**What the task requires**
Make an exact transcript of the lines in the data below, starting with the one containing "Format: PDF, 35+" and going on through the one containing "Fin ensfarvet langærmet", with both included and the pictures left out.

**Source data**
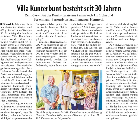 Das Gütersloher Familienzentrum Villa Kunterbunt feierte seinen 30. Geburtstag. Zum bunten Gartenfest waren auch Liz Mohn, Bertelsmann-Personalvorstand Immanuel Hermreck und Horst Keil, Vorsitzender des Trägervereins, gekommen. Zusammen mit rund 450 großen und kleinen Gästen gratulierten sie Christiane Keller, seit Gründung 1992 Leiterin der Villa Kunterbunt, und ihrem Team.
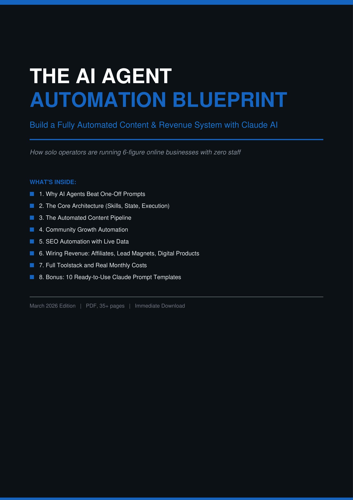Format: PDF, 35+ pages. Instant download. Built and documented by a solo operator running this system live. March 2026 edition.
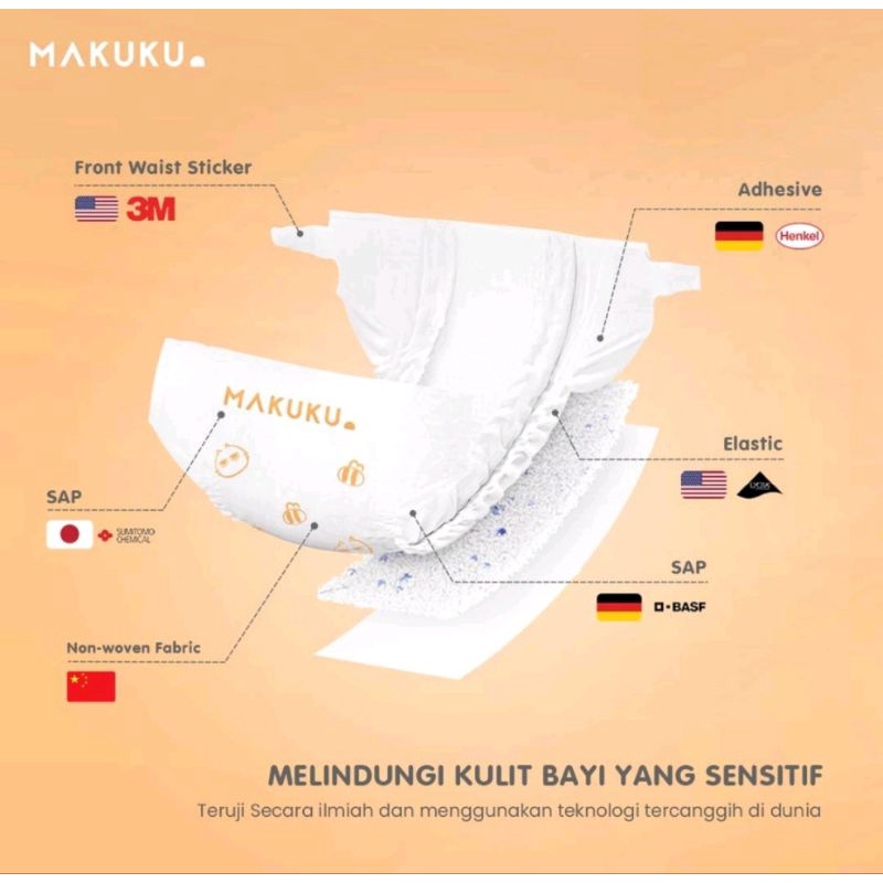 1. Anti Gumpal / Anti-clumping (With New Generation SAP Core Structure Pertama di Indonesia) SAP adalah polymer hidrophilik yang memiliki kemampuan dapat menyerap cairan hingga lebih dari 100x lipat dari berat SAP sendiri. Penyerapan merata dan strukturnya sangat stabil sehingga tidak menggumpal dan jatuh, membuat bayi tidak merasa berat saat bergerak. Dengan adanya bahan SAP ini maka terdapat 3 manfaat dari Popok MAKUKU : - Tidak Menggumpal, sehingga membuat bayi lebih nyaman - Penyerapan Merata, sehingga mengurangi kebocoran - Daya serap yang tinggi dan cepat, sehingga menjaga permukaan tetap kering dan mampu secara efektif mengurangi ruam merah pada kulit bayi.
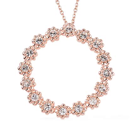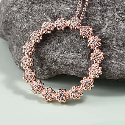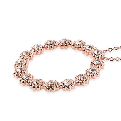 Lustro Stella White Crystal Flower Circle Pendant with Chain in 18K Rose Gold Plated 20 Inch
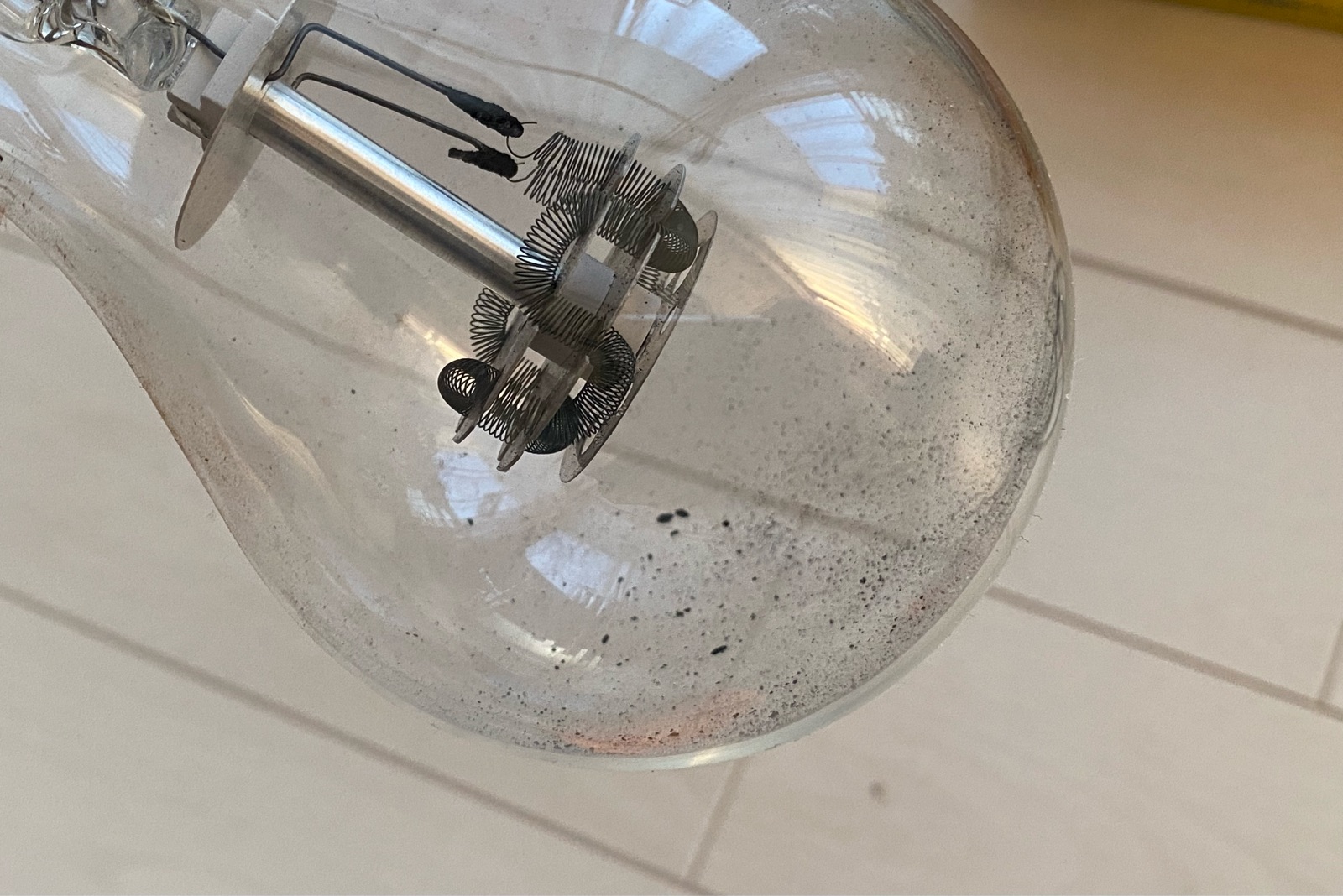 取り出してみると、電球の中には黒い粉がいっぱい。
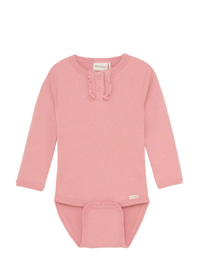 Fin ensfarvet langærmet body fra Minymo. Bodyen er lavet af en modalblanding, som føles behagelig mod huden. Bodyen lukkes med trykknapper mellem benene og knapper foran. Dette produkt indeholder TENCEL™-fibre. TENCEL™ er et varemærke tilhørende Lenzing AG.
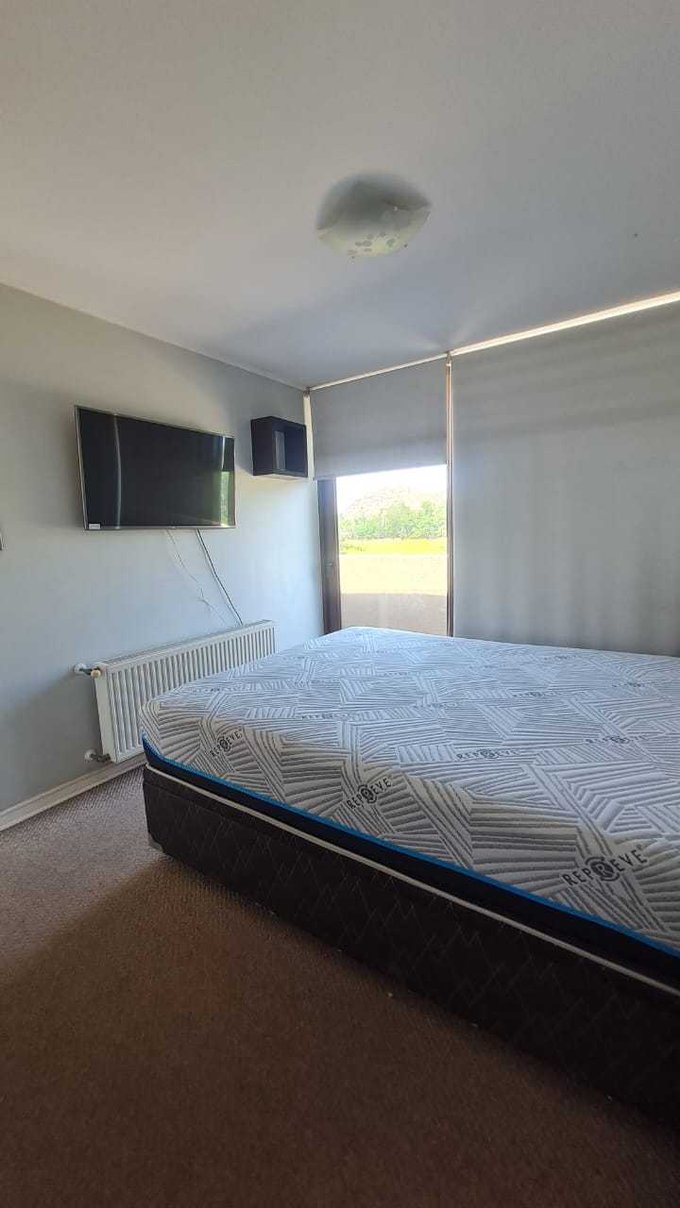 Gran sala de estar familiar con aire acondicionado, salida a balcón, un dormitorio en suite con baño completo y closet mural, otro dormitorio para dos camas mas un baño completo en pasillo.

**Your response**
Format: PDF, 35+ pages. Instant download. Built and documented by a solo operator running this system live. March 2026 edition.
 1. Anti Gumpal / Anti-clumping (With New Generation SAP Core Structure Pertama di Indonesia) SAP adalah polymer hidrophilik yang memiliki kemampuan dapat menyerap cairan hingga lebih dari 100x lipat dari berat SAP sendiri. Penyerapan merata dan strukturnya sangat stabil sehingga tidak menggumpal dan jatuh, membuat bayi tidak merasa berat saat bergerak. Dengan adanya bahan SAP ini maka terdapat 3 manfaat dari Popok MAKUKU : - Tidak Menggumpal, sehingga membuat bayi lebih nyaman - Penyerapan Merata, sehingga mengurangi kebocoran - Daya serap yang tinggi dan cepat, sehingga menjaga permukaan tetap kering dan mampu secara efektif mengurangi ruam merah pada kulit bayi.
 Lustro Stella White Crystal Flower Circle Pendant with Chain in 18K Rose Gold Plated 20 Inch
 取り出してみると、電球の中には黒い粉がいっぱい。
 Fin ensfarvet langærmet body fra Minymo. Bodyen er lavet af en modalblanding, som føles behagelig mod huden. Bodyen lukkes med trykknapper mellem benene og knapper foran. Dette produkt indeholder TENCEL™-fibre. TENCEL™ er et varemærke tilhørende Lenzing AG.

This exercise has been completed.